Однажды жарким летним вечером, когда у нас гостила Наташка, Васька повёз Синявских домой, а мы с Наташкой остались трепаться. Из-за жары разделись до полуголости. И вдруг через полчаса звонок – я всегда открываю дверь, не осведомляясь, кто за ней, и тут была совершенно уверена, что это вернулся забывший ключи Васька – а за дверью стоял полицейский. Ухнувшее сердце – но он всего лишь пришёл удостовериться, что у нас никого не бьют – уж не знаю, какому соседу и в какой квартире померещились вопли – мы сидели тихо. На мой малопристойный вид (в одних трусах) полицейский внимания не обратил, но попросил разрешения заглянуть во все комнаты, чтоб точно убедиться, что никого не насилуют, и трупы не валяются. Увидел только полуголую Наташку, вежливо попрощался и отправился восвояси. И Васька тут же пришёл.

Довольно скоро после первой встречи с Марьей случилась вторая – опять у нас, и третья – и на третий раз, когда мы приехали за Марьей, вдруг со второго этажа спустился Синявский... И тоже поехал к нам в гости.

Думаю, что не только Марья защищала своего Синявского от возможных обид, но и Андрею Донатовичу было прощать кого-нибудь куда трудней, чем Марье.

И мне кажется, что сразу, вот с того самого дня, когда они оба поехали к нам в гости, старые ссоры и обиды были забыты, честно забыты, без камней за пазухами. Марья только иногда дразнила Ваську, напоминая ему ту чушь, которую он когда-то написал про «Прогулки с Пушкиным», но это было не обидно.

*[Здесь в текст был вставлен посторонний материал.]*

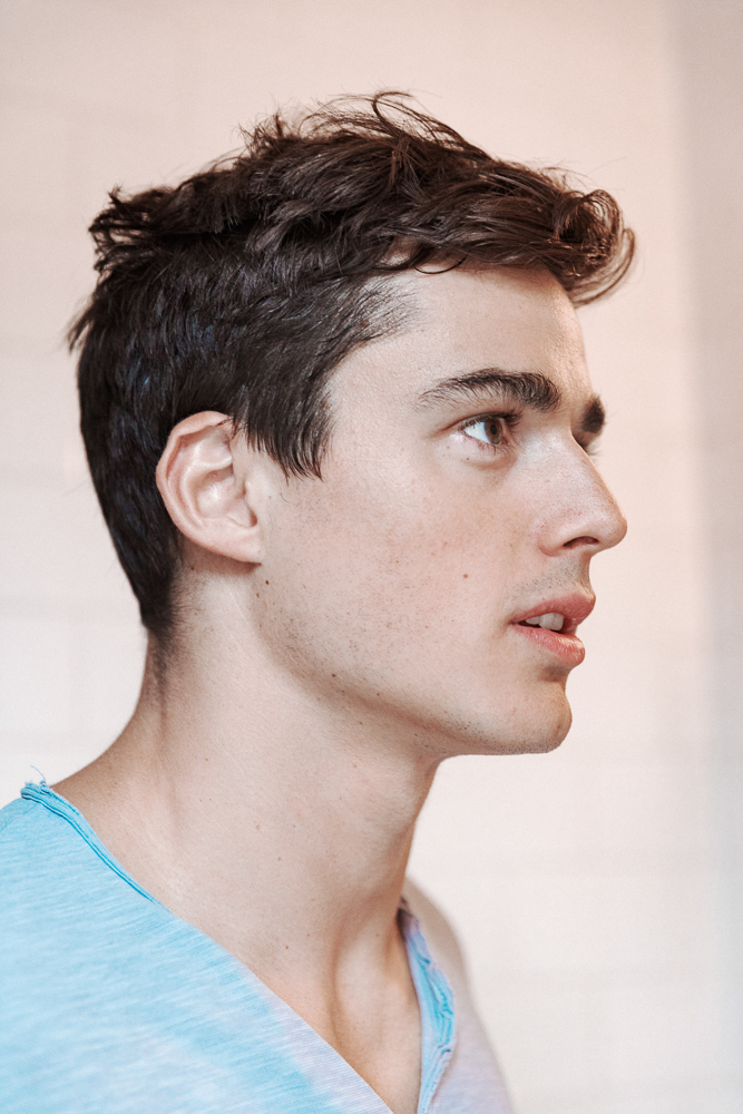 "I started modeling when I was 6 years old—it was in 1995 for an Armani Junior campaign. I was the face of the brand for four years and then took a break. [Male models] have this gap from 11 to 18 years old where they can't really work—girls don't have that, but guys do. Those years, I just focused on school. I went to university for mechanical engineering, did my degree in three years, and then everyone told me to just go and do my PhD. So I did. My thesis was on the computational design of terabytes. Basically it's how you predict the flow of fluids, in this case in terabytes and then you modify the geometry of the terabyte in order to maximize the efficiency. It’s very mathematical, so I became a lecturer in mathematics courses at the same time.

Мы виделись раза по два в неделю – обычно раз у них, раз у нас, и иногда вместе куда-нибудь ходили, или на машине катались – ведь Марья обожала кататься, а Васька катать.

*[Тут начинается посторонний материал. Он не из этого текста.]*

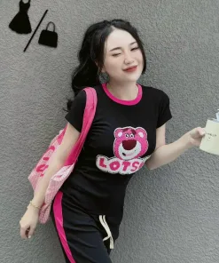 SET BỘ THUN NỮ GÂN ÁO TAY NGẮN THÊU HÌNH GẤU DD990 – NANA FREESIZE < 56KG

А ещё Марья ужасно гордилась своей готовкой – говорила, что статьи останутся, и ювелирка – и надо сказать, изумительной красоты у неё украшения под старину, благородные... Во Франции она это дело забросила – ну, одновременно держать типографию и ювелирную мастерскую – это никак, а типография в подвале – это ж для её Синявского! Чтоб «Синтаксис» издавать и его там печатать! Ну, и ювелирка – тяжеленный труд физический, типография, впрочем, тоже. Кстати, Марья говорила, что с вреднейшим асбестом, из-за которого сейчас немало домов перестраивают, ювелиры постоянно работали... И она тоже. Никто ж не знал.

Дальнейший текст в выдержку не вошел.